The Central Bank of Kenya’s (CBK) policy body will hold its meeting on Monday with inflation the key issue on the table.
The Monetary Policy Committee (MPC) is widely expected to leave its benchmark lending rate unchanged despite concern over inflation.
Analysts polled by the Business Daily earlier expect the MPC to leave the rate constant.
The CBK held the base lending rate at 10 per cent at the March meeting despite a slightly weaker shilling and rising inflation.
The shilling has been recording marginal gains for the last few days, with traders noting that there was a decline in dollar demand among importers. On Friday, the CBK quoted the shilling at 103.3. Kenya has ramped up maize, oil and sugar imports recently piling pressure on the shilling.

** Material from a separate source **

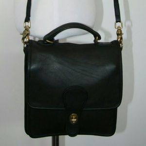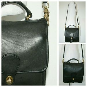 Vintage Coach Crossbody Purse. Black leather. Brass hardware. Authentic classic Coach.

Headline inflation has shot up to 11.5 per cent, well above the preferred ceiling of 7.5 per cent. “I do not think that the economic fundamentals are right for an increase in interest rates,” said John Kirimi, Sterling Capital Investment director.
Razia Khan, chief economist for Africa at Standard Chartered, said given most of the inflation pressure is confined to food, and given authorities’ plan to reduce food inflation via subsidies, she expects a retention.
“The slowdown in the economy is an additional complicating factor, as is the loan rate cap,’’ she said.